Many employers offer incentives and awards as part of their wellness programs. Though these provisions certainly can entice greater employee participation, they also can entrap unwary employers.

 

 

IRS generally considers wellness incentives paid to employees for participating in a wellness program to be fringe benefits. Fringe benefits are taxable income to the employee who receives them unless the law specifically excludes the benefits from income. Thus, unless a specific exemption applies, employers must include the cost of wellness incentives and awards  in an employee’s income, withhold proper taxes and report the amounts on the employees’ W-2s. Employers who do not take these steps can face substantial tax penalties.

 

 

The good news for most  employers is that typical wellness incentives -- discounted premiums, reduced deductibles or contributions to an HRA or HSA – relate directly to an employer’s group health plan. Because these incentives involve a group health plan, and they target treating and preventing disease, they are specifically excluded from income under tax code provisions granting exclusion  for accident and health benefits.

 

 

Other popular rewards  under wellness programs involve nominal  gifts or non-cash items. For example many employers offer water bottles, t-shirts, fruit baskets and other such items.

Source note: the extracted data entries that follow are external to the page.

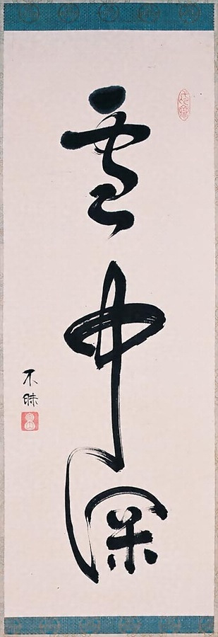 松平不昧は、武家茶湯と称される石州流の茶人大名、出雲松江の藩主、名は治好、のち治郷と称した。藩政改革に治水や河川改修・新田開発、また各種殖産にも及んだ。少年時代から茶道に励み、茶道を修身治国の資たるべしと説いている。茶道の名物も収集し、その収蔵品を「雲州蔵帳」と呼ぶ。本幅は雪深い出雲を連想させる手慣れた筆蹟で、書風は遠州流を引き継いだ特色のある名筆である。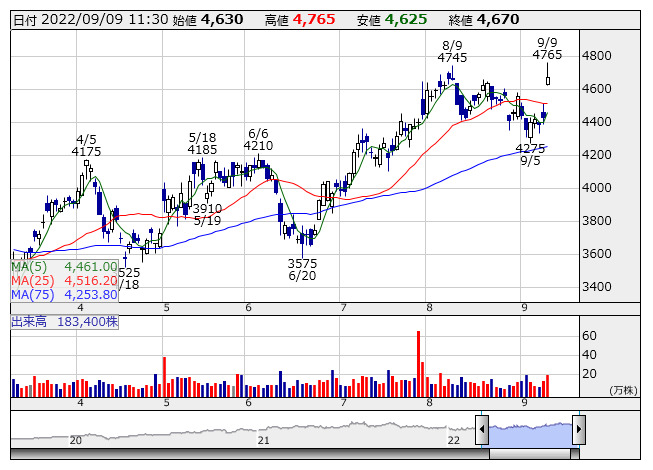 ISID <日足> 「株探」多機能チャートよりISID<4812>:4670円(+240円)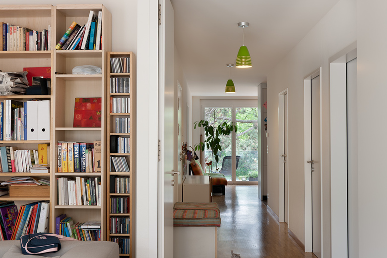Das Prinzip der Wohnungen basiert auf einem durchgehenden, diagonal durch die Gebäudetiefe verlaufenden offenen Raum, an welchem Zellen von jeweils zwei Zimmern angedockt werden. Diese Zimmer können den einzelnen Wohnungen flexibel zugeteilt werden. Der durchgehende Raum, der sich an den beiden Enden jeweils verbreitert, verbindet Ess- und Wohnbereich und ermöglicht die Orientierung auf beide Seiten des Gebäudes, ohne störende Zwischenwände. Auf diese Weise werden auch die Verkehrsflächen zu Gunsten des nutzbaren Raumes auf ein Minimum reduziert.
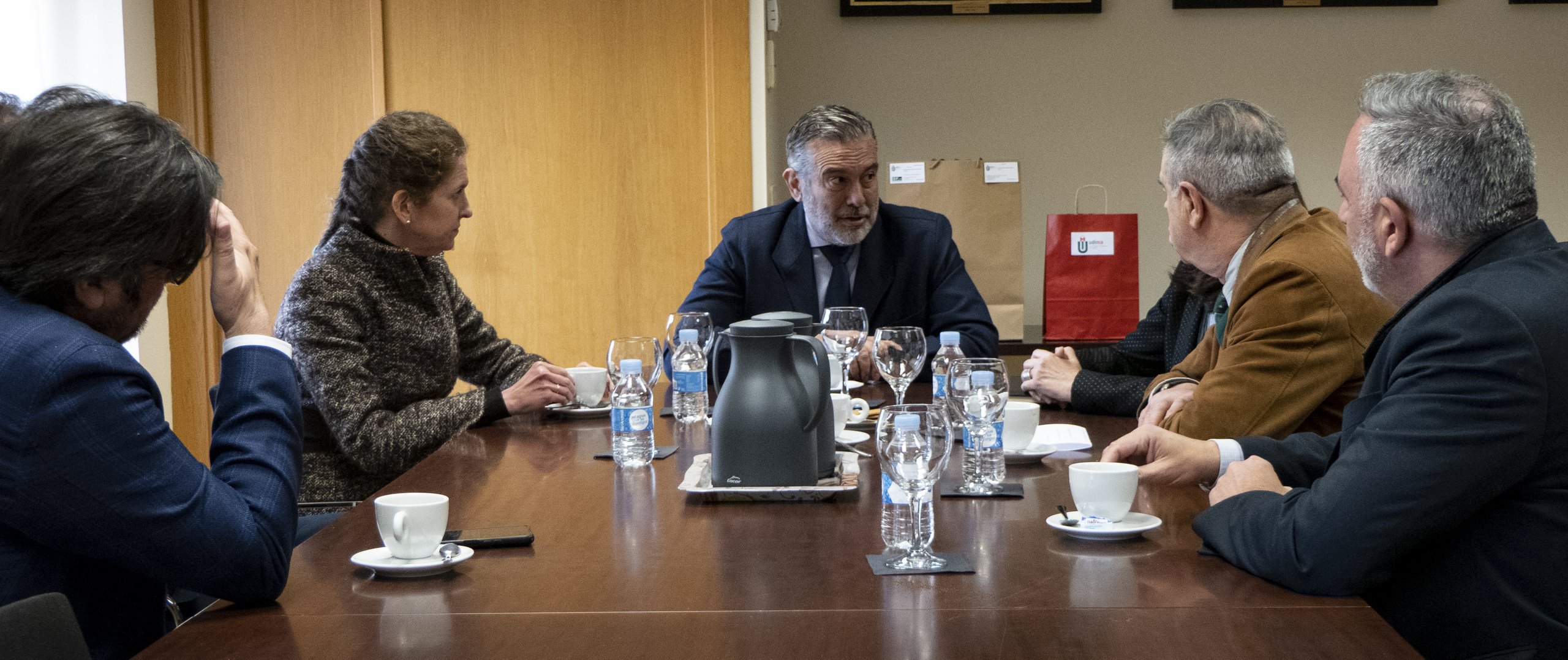 López estuvo acompañado por la presidenta de la UDIMA, Aránzazu de la Heras; la rectora, Concha Burgos; el secretario general, Eugenio Lanzadera, y el decano de la Facultad de Ciencias Jurídicas, Andrés Delgado.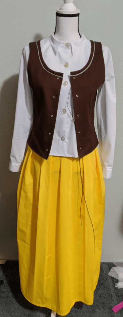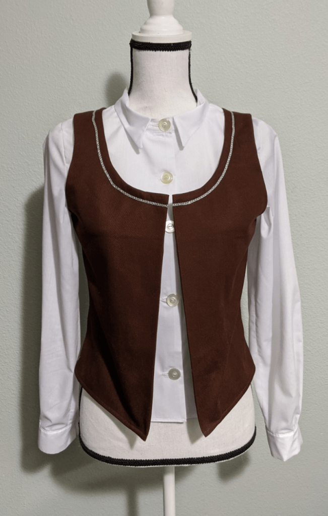 Materials: Broadcloth (Shirt and Skirt) and Cotton Twill (Vest)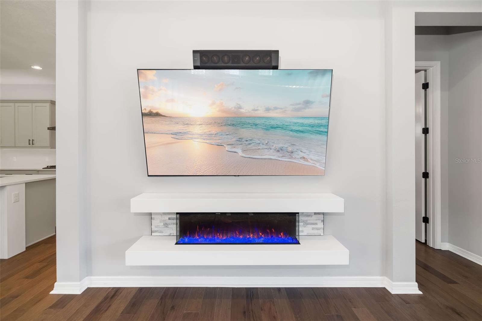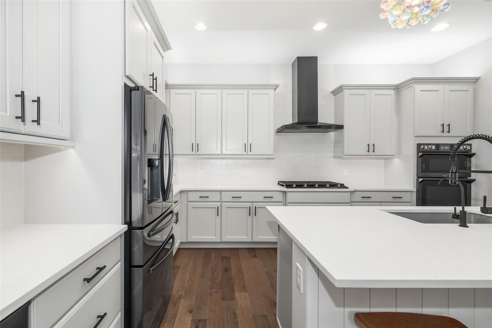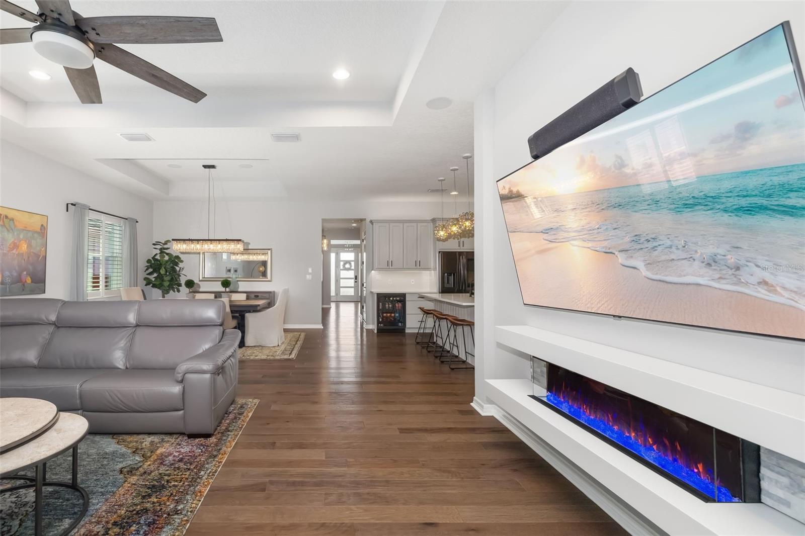 This stunning 2021-built single-story pool home is in an exclusive gated enclave of 30 residences, offering maintenance-free lawn care with low HOA fees and no CDD. Perfectly positioned on a private 0.36-acre cul-de-sac lot with no rear neighbors, this meticulously maintained four-bedroom, 2.5-bath home delivers the ideal blend of luxury, comfort and modern convenience. Inside, an open-concept design showcases soaring tray ceilings, recessed LED lighting and rich hardwood flooring throughout. The great room serves as a striking focal point, featuring a sleek electric fireplace with customizable lighting and a built-in surround sound system, with integrated speakers extending throughout the home and lanai for seamless indoor-outdoor living. Expansive triple sliding glass doors open to the screened lanai, creating an effortless connection to the outdoor space. The gourmet kitchen is both elegant and functional, featuring upgraded soft-close cabinetry, quartz countertops, a designer tile backsplash, and a spacious center island with counter-height seating and custom pendant lighting. A stylish dry bar with a beverage refrigerator enhances the space, while premium Samsung smart black stainless-steel appliances, including a gas cooktop with a vented hood, a built-in convection wall oven with a Flex Duo divider and a steam cooking and convection microwave, complete this chef-inspired kitchen. The private primary suite offers a peaceful retreat with an 11-foot tray ceiling, plantation shutters and two custom walk-in closets. The spa-like en-suite bath features a dual quartz vanity, an expansive double walk-in shower with frameless glass, and modern matte black fixtures. Secondary bedrooms are generously sized, each with 10-foot ceilings, plantation shutters, ceiling fans and in-ceiling speakers with individual controls. A well-appointed laundry room includes custom cabinetry, quartz countertops, a deep utility sink and a subway tile backsplash. Outdoor living is exceptional, featuring a covered and screened lanai with paver decking that opens to a heated saltwater pool, complete with a sun shelf, color-changing LED lighting, a waterfall and a bubbling fountain, all conveniently controlled from your smartphone. The custom summer kitchen is ideal for entertaining, offering marine-grade cabinetry, granite countertops, a gas grill, sink and a beverage refrigerator. Additional upgrades include smart home technology with a Ring doorbell and security, keyless entry, and Z-wave lighting; a two-car garage with epoxy flooring, built-in storage and an EV charging outlet; a whole-house water softener; and a tankless gas water heater. With HOA services covering lawn care, irrigation, cable, and high-speed internet, this home offers an effortless, luxury lifestyle. Don't miss the opportunity to own this exceptional, like-new residence.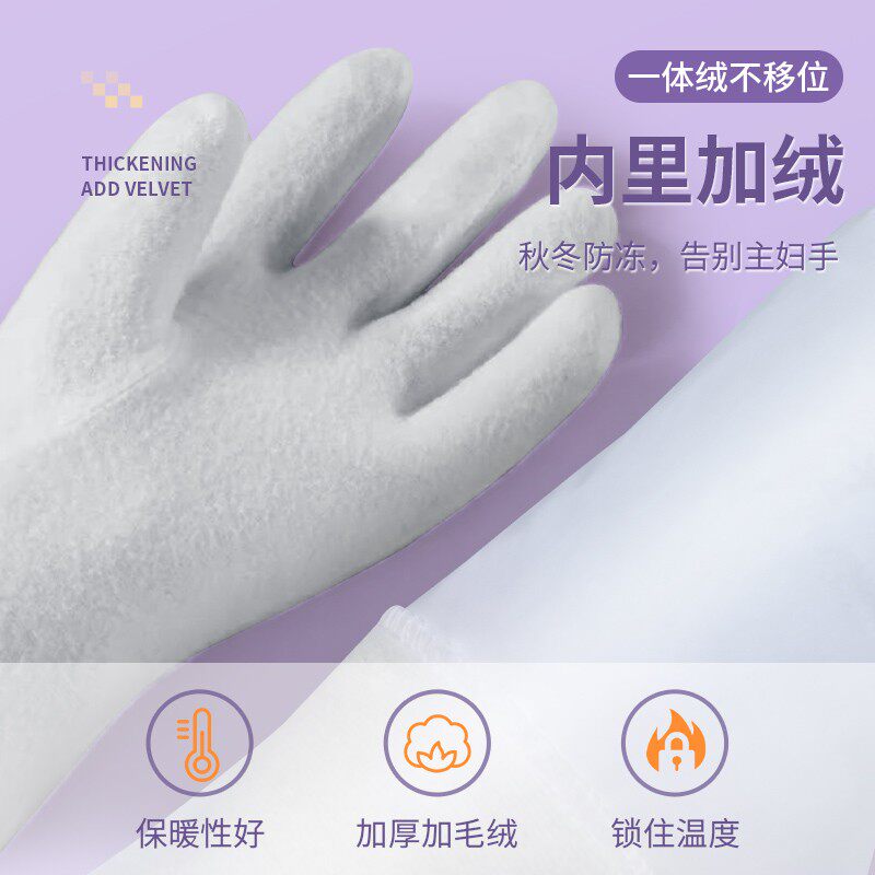 丁腈手套一体绒家务洗碗厨房耐用型加厚加绒洗衣服做饭防水刷锅碗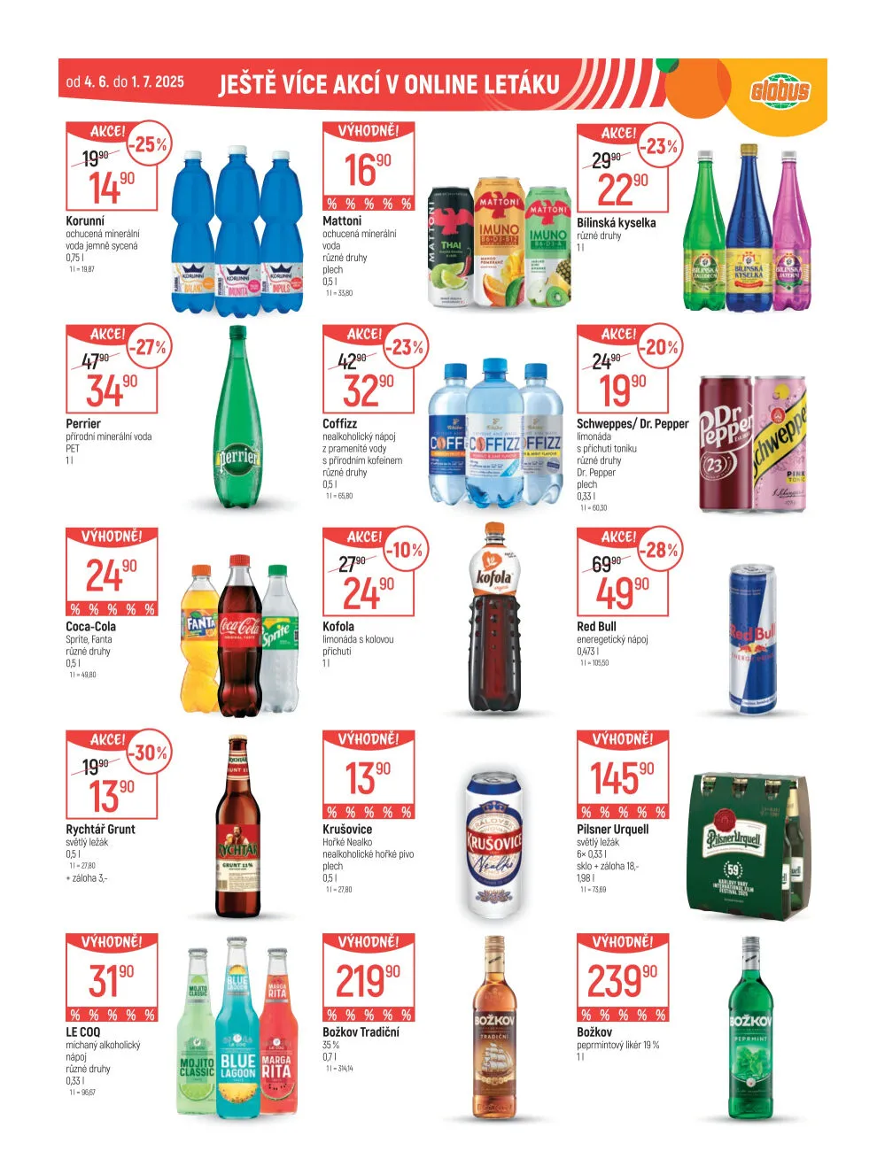 A to není vše! V nabídce najdete také energetický nápoj Red Bull za 14590 Kč a tradiční likér Božkov. Nezapomeňte se podívat na další akce v online letáku!

Though these are not accident and health benefits, they qualify for exclusion  as what IRS deems “de  minimis” benefits because they have little value.

 

 

Whether something is de minimis or not depends on the facts and circumstances of each  case,  but typically IRS will permit an exclusion  of items having a value of between $25 and $100, as long as the items are not given out frequently enough that the sum of the items during  the year reaches a total amount that no longer is de minimis. Employers should  remember that cash incentives or gift cards  are always includable in income regardless of the amount. This is true even of gift cards  provided by third parties.

 

 

Employers can run afoul of IRS rules and unwittingly subject themselves to tax penalties if they do not properly account for the taxability of wellness incentives that are neither accident and health benefits nor de minimis benefits, or if the employer pays incentives in cash or a cash equivalent like a gift card. Employers should consult with their tax advisors  to be certain  to properly construct their wellness incentives.